__Work task__:
Output the whole listing exactly, except for the pictures in it.

__Supplied material__:
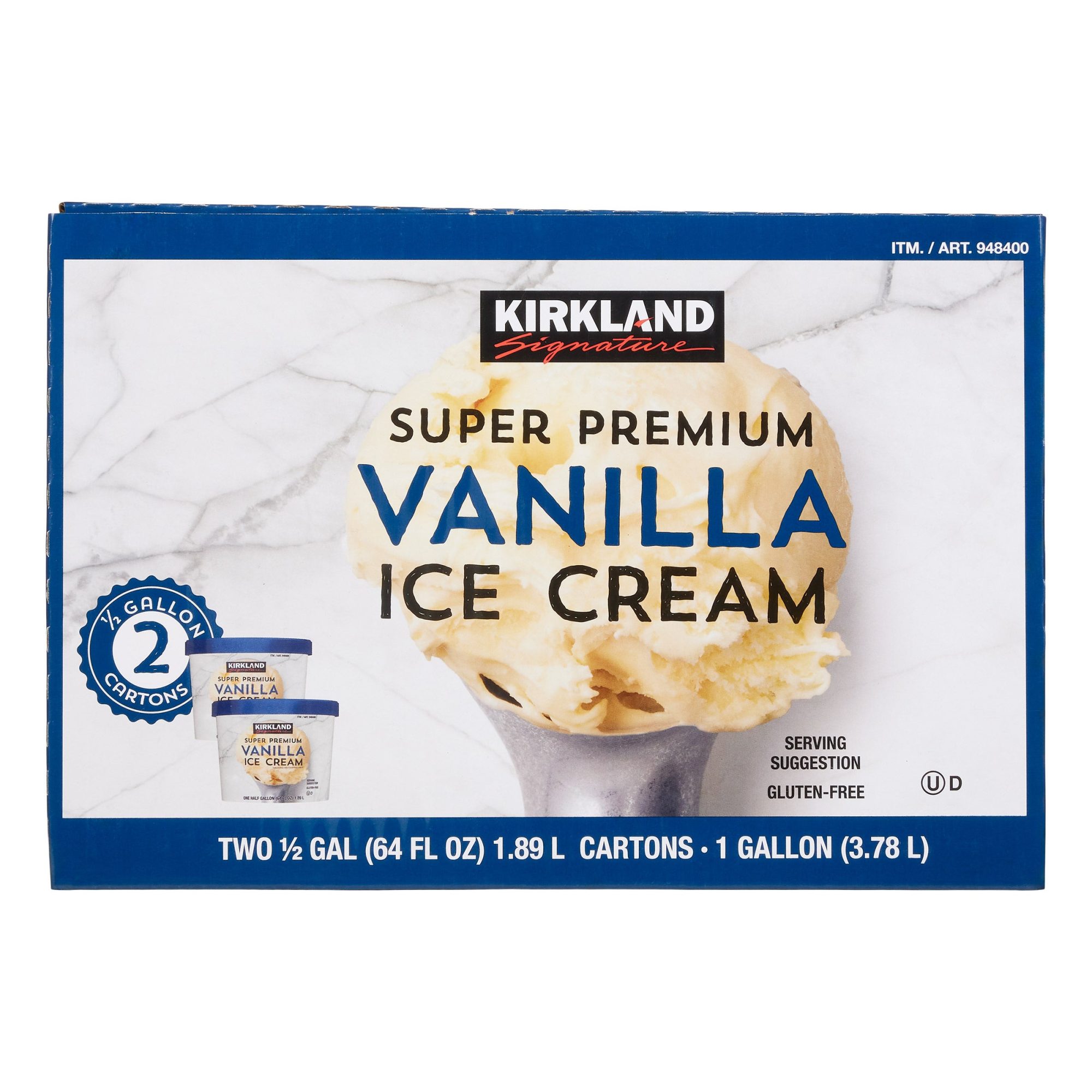 KIRKLAND SIGNATURE SUPER PREMIUM VANILLA ICE CREAM 2/HALF GAL
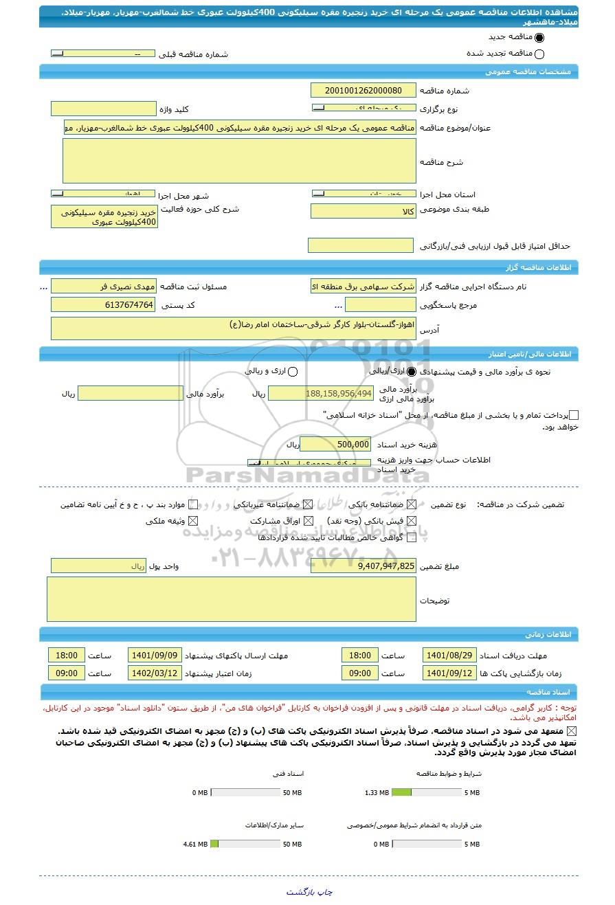 | مبلغ تضمین | 9,407,947,825 | واحد پول | ریال |
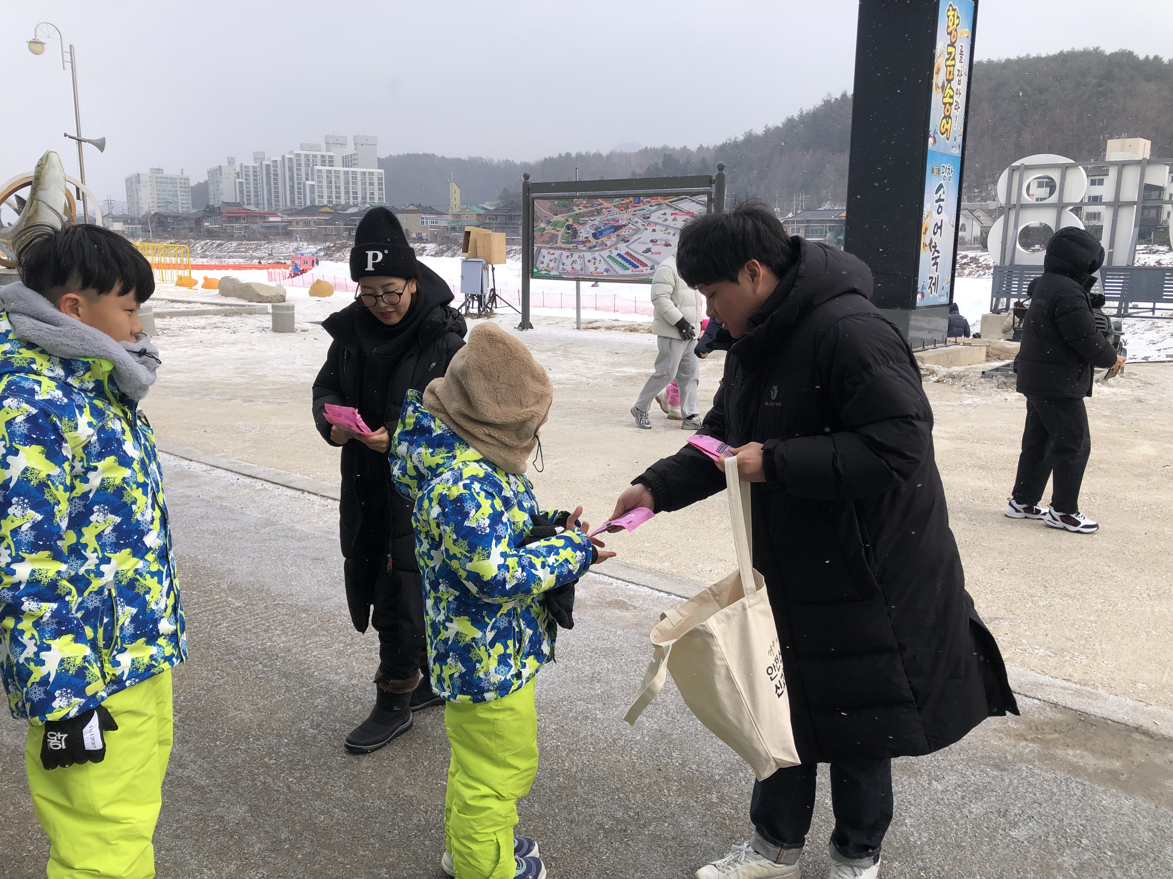 평창군은 평창송어축제장과 지역 전통시장에서 지역 주민들의 안전과 건강을 확보하기 위해 방한용품을 지급하고 한파 대비 방법을 홍보한다고 17일 밝혔다.
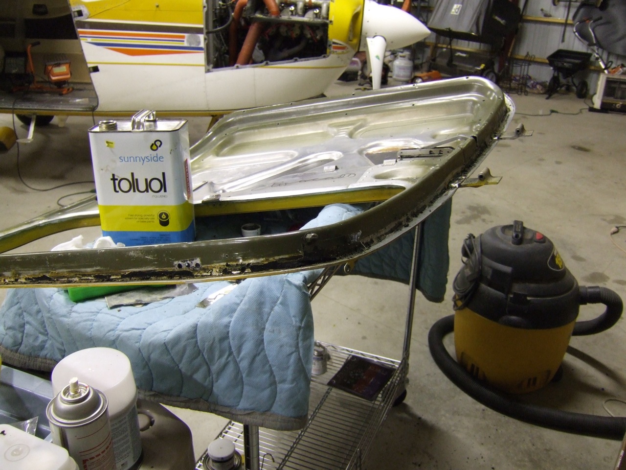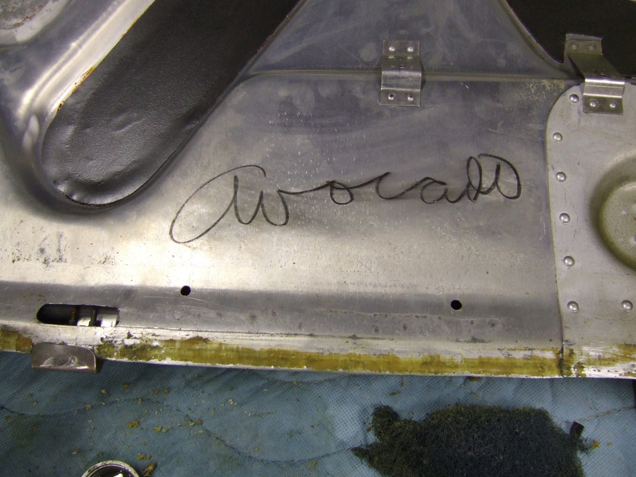 Hours and hours of cleaning off old seals and rubber. Another "note" written on the door from Cessna, it says "avocado" and we assume that was referring to the elegant green interior that was Cessna original.
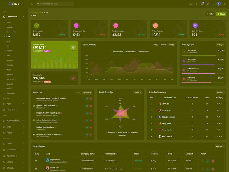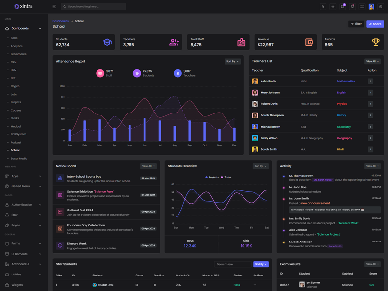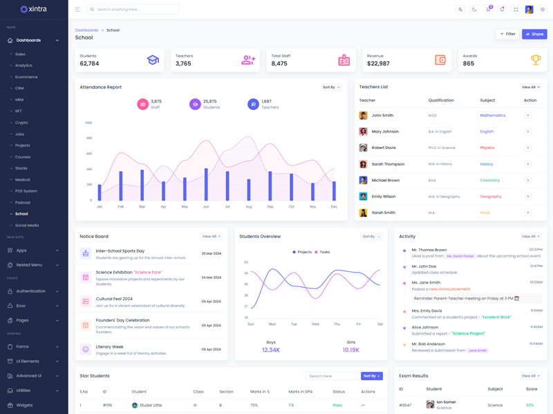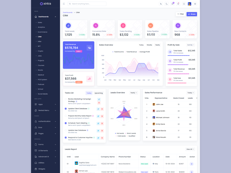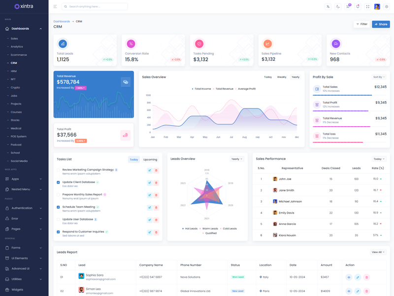 Xintra offers 16 attractive dashboards with various themes for users to customize the Laravel Premium Tailwind CSS Admin Template based on their preference.
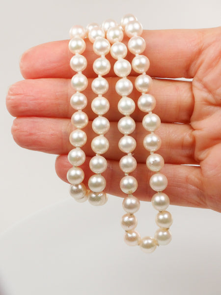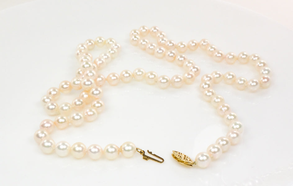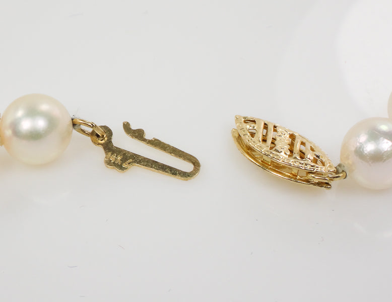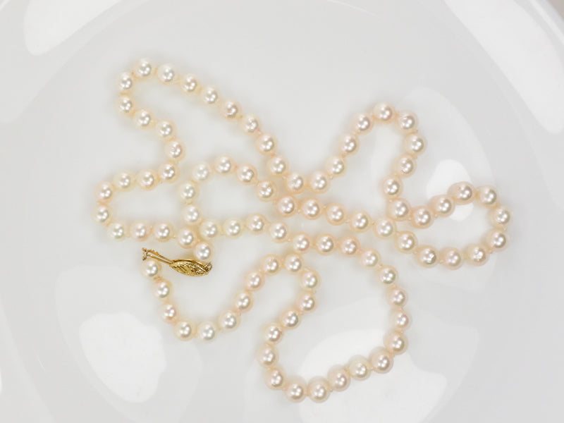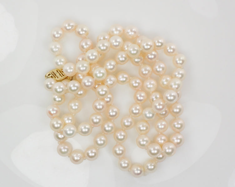 Vintage 14k Yellow Gold Cultured Pearl Necklace, 6.0 - 6.4 mm Strand of Pearls, Bridal Necklace 24"
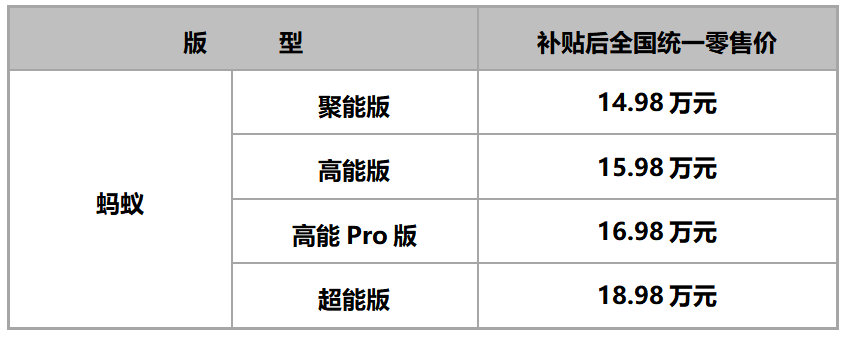 9月22日,备受行业及消费者关注的A级纯电SUV——奇瑞新能源蚂蚁在北京正式上市。蚂蚁新车公布将提供聚能版、高能版、高能Pro版以及超能版四款版型,补贴后售价14.98万元起。作为奇瑞新能源全新@LIFE平台诞生的首款新世代高能纯电SUV,蚂蚁采用超轻量化全铝车身架构,拥有全新自然美学造型、高能超宽适智享座舱、高能仿生安全守护、高能操控乐趣驾驭、以及可靠高效智慧三电等全能型产品优势,为用户打造全新高能绿色智慧出行生活。

__Response__:
 KIRKLAND SIGNATURE SUPER PREMIUM VANILLA ICE CREAM 2/HALF GAL
 | مبلغ تضمین | 9,407,947,825 | واحد پول | ریال |
 평창군은 평창송어축제장과 지역 전통시장에서 지역 주민들의 안전과 건강을 확보하기 위해 방한용품을 지급하고 한파 대비 방법을 홍보한다고 17일 밝혔다.
 Hours and hours of cleaning off old seals and rubber. Another "note" written on the door from Cessna, it says "avocado" and we assume that was referring to the elegant green interior that was Cessna original.
 Xintra offers 16 attractive dashboards with various themes for users to customize the Laravel Premium Tailwind CSS Admin Template based on their preference.
 Vintage 14k Yellow Gold Cultured Pearl Necklace, 6.0 - 6.4 mm Strand of Pearls, Bridal Necklace 24"
 9月22日,备受行业及消费者关注的A级纯电SUV——奇瑞新能源蚂蚁在北京正式上市。蚂蚁新车公布将提供聚能版、高能版、高能Pro版以及超能版四款版型,补贴后售价14.98万元起。作为奇瑞新能源全新@LIFE平台诞生的首款新世代高能纯电SUV,蚂蚁采用超轻量化全铝车身架构,拥有全新自然美学造型、高能超宽适智享座舱、高能仿生安全守护、高能操控乐趣驾驭、以及可靠高效智慧三电等全能型产品优势,为用户打造全新高能绿色智慧出行生活。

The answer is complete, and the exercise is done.